[[ STORED DATA, beginning ]]

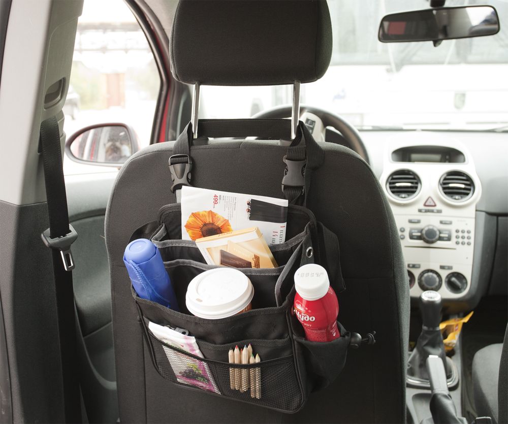 - органайзер на сиденье — нужная вещь в любой машине и необходимая для семейного авто, особенно если у владельца маленькие дети;
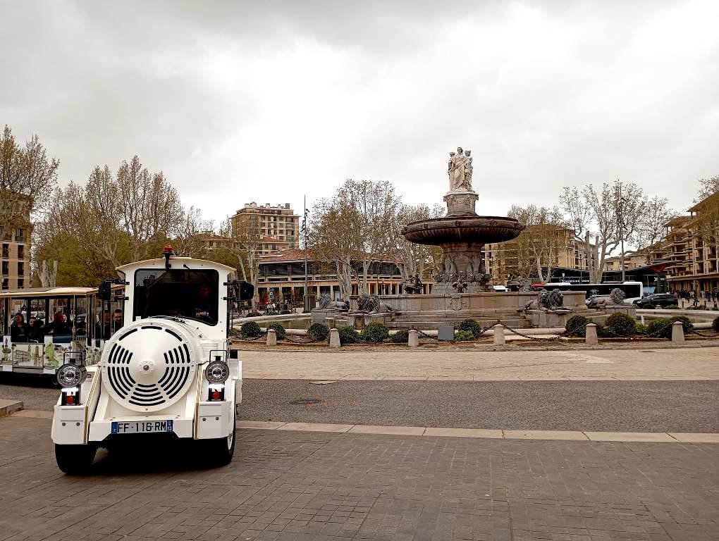 Την ίδια περιοχή, όπου κυριολεκτικά φαίνεται να χτυπάει η καρδιά της πόλης, χρησιμοποιεί ως αφετηρία του το τραινάκι που πραγματοποιεί τον γύρο του ιστορικού κέντρου της Aix…
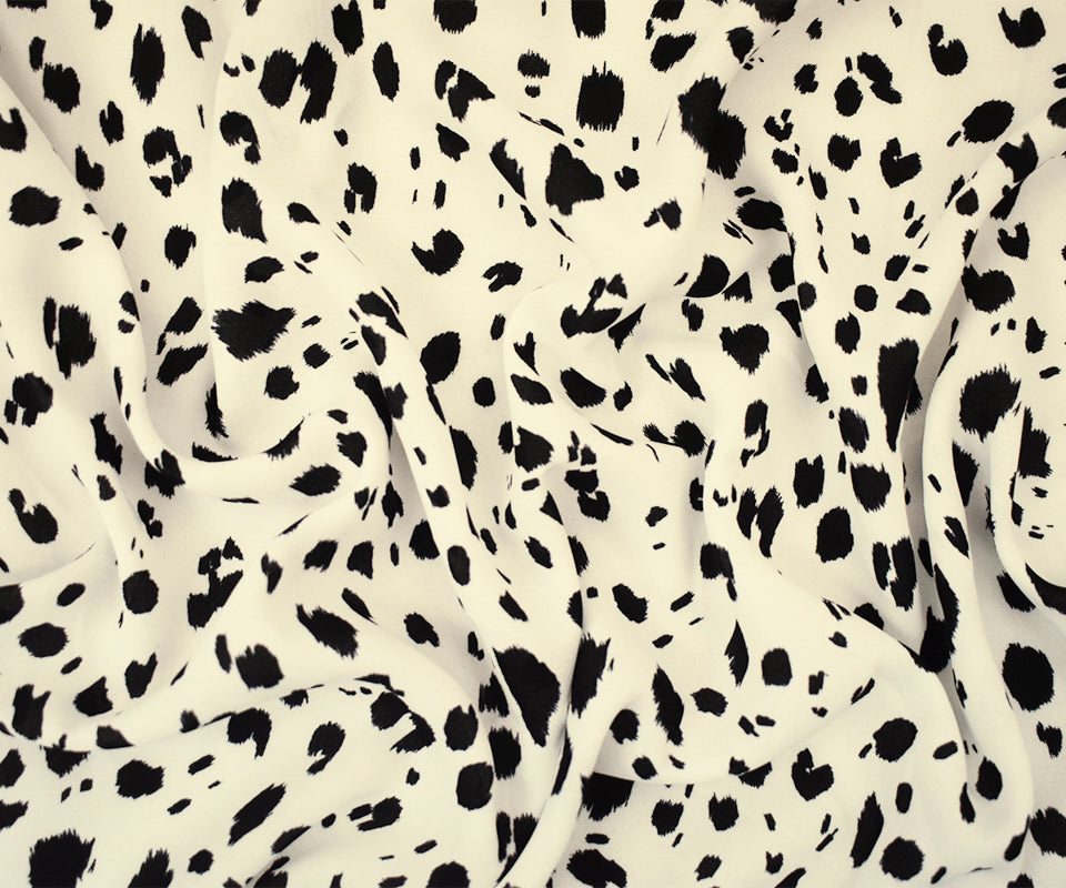 Black-White Famous Designer Spots Print Dobby Crepe Woven Fabric
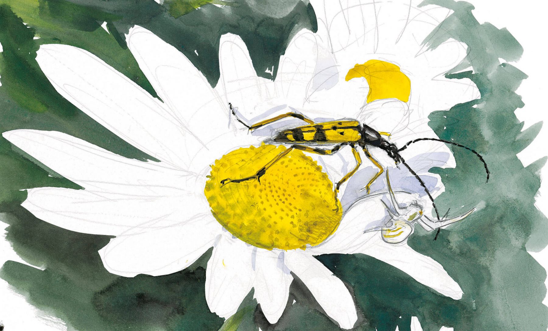 Au fond du jardin, dans les friches et au bord des chemins, elle s'épanouit en indisciplinés bouquets bicolores. Plutôt que la cueillir, observons la marguerite.
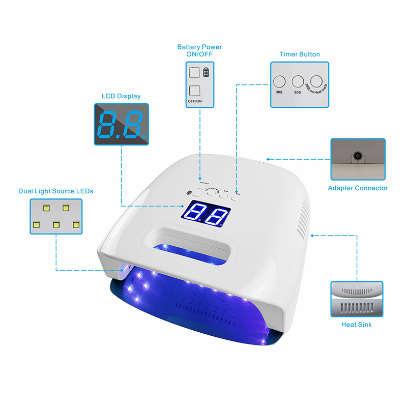 O produto tem 36 led/uv fonte de luz dupla uniformidade de distribuição de contas de lâmpada, uniformidade de cola de cozimento sem encolher cola, fonte de luz dupla cola de cozimento suave mão anti-preta, não machuca os olhos, mãos e pés podem ser usados, efeito de secagem rápida é alto.
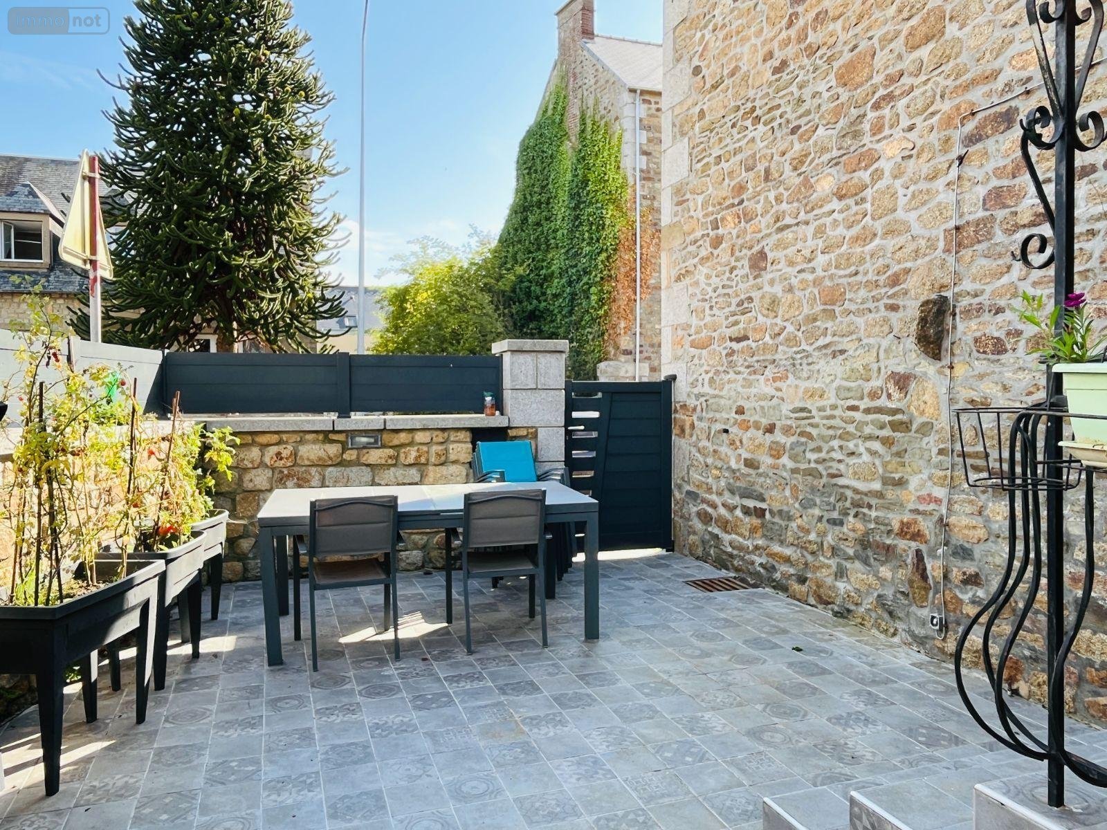 A vendre dans le bourg de Pontaubault, une maison d'habitation mitoyenne d'un côté construite en pierres sous ardoises d'environ 100 m² habitables, comprenant : - au rez-de-chaussée : cuisine aménagée et équipée ouverte sur séjour, salon avec insert à bois, wc ; - à l'étage : palier desservant trois chambres dont une avec douche privative, salle de bains et wc ; Cave en sous-sol. Courette clos de mûrs.
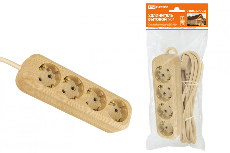 Удлинитель бытовой У04 4 гнезда, 3метра,2П+3, ПВС 3х1мм2 "Эко" (сосна) 16А/250В | SQ1303-2011 | TDM
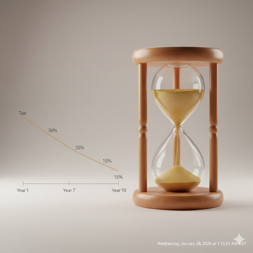 가령 내가 내야 할 퇴직소득세가 1,000만 원이라고 가정해 봅시다. 일시금으로 받으면 1,000만 원을 그대로 세금으로 내야 하지만, 연금으로 10년 이상 나누어 받으면 초기 10년 동안은 700만 원만 내면 되고(300만 원 절세), 11년 차부터는 600만 원 수준으로 세금이 더 줄어듭니다.
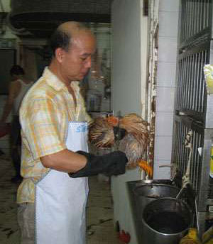 黄伟泉纯熟地宰杀鸡档的最后一只鸡。(图片来源:大公报)
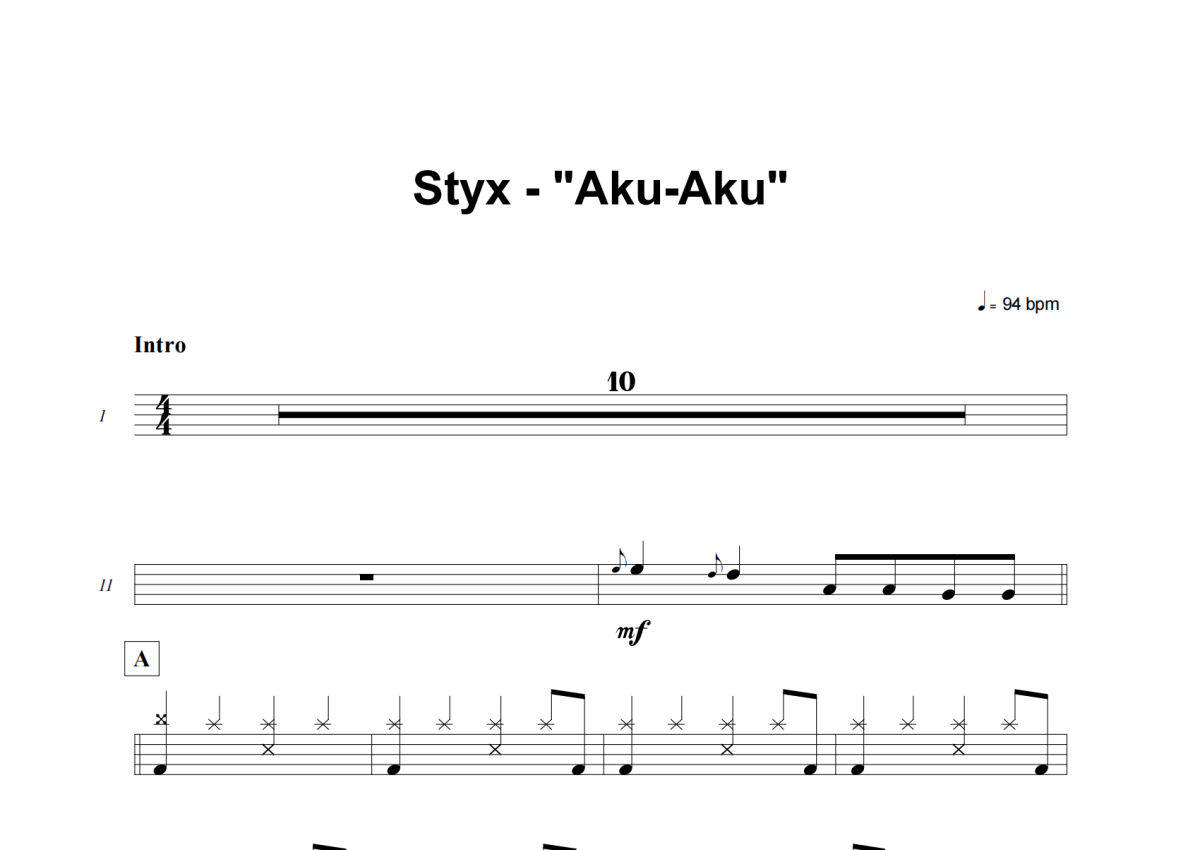 Styx《Aku-Aku》架子鼓谱

[[ STORED DATA, end ]]

— DESCRIPTION OF THE TASK —
None of the pictures should be carried over when the data above is transcribed exactly.

— SOLUTION —
 - органайзер на сиденье — нужная вещь в любой машине и необходимая для семейного авто, особенно если у владельца маленькие дети;
 Την ίδια περιοχή, όπου κυριολεκτικά φαίνεται να χτυπάει η καρδιά της πόλης, χρησιμοποιεί ως αφετηρία του το τραινάκι που πραγματοποιεί τον γύρο του ιστορικού κέντρου της Aix…
 Black-White Famous Designer Spots Print Dobby Crepe Woven Fabric
 Au fond du jardin, dans les friches et au bord des chemins, elle s'épanouit en indisciplinés bouquets bicolores. Plutôt que la cueillir, observons la marguerite.
 O produto tem 36 led/uv fonte de luz dupla uniformidade de distribuição de contas de lâmpada, uniformidade de cola de cozimento sem encolher cola, fonte de luz dupla cola de cozimento suave mão anti-preta, não machuca os olhos, mãos e pés podem ser usados, efeito de secagem rápida é alto.
 A vendre dans le bourg de Pontaubault, une maison d'habitation mitoyenne d'un côté construite en pierres sous ardoises d'environ 100 m² habitables, comprenant : - au rez-de-chaussée : cuisine aménagée et équipée ouverte sur séjour, salon avec insert à bois, wc ; - à l'étage : palier desservant trois chambres dont une avec douche privative, salle de bains et wc ; Cave en sous-sol. Courette clos de mûrs.
 Удлинитель бытовой У04 4 гнезда, 3метра,2П+3, ПВС 3х1мм2 "Эко" (сосна) 16А/250В | SQ1303-2011 | TDM
 가령 내가 내야 할 퇴직소득세가 1,000만 원이라고 가정해 봅시다. 일시금으로 받으면 1,000만 원을 그대로 세금으로 내야 하지만, 연금으로 10년 이상 나누어 받으면 초기 10년 동안은 700만 원만 내면 되고(300만 원 절세), 11년 차부터는 600만 원 수준으로 세금이 더 줄어듭니다.
 黄伟泉纯熟地宰杀鸡档的最后一只鸡。(图片来源:大公报)
 Styx《Aku-Aku》架子鼓谱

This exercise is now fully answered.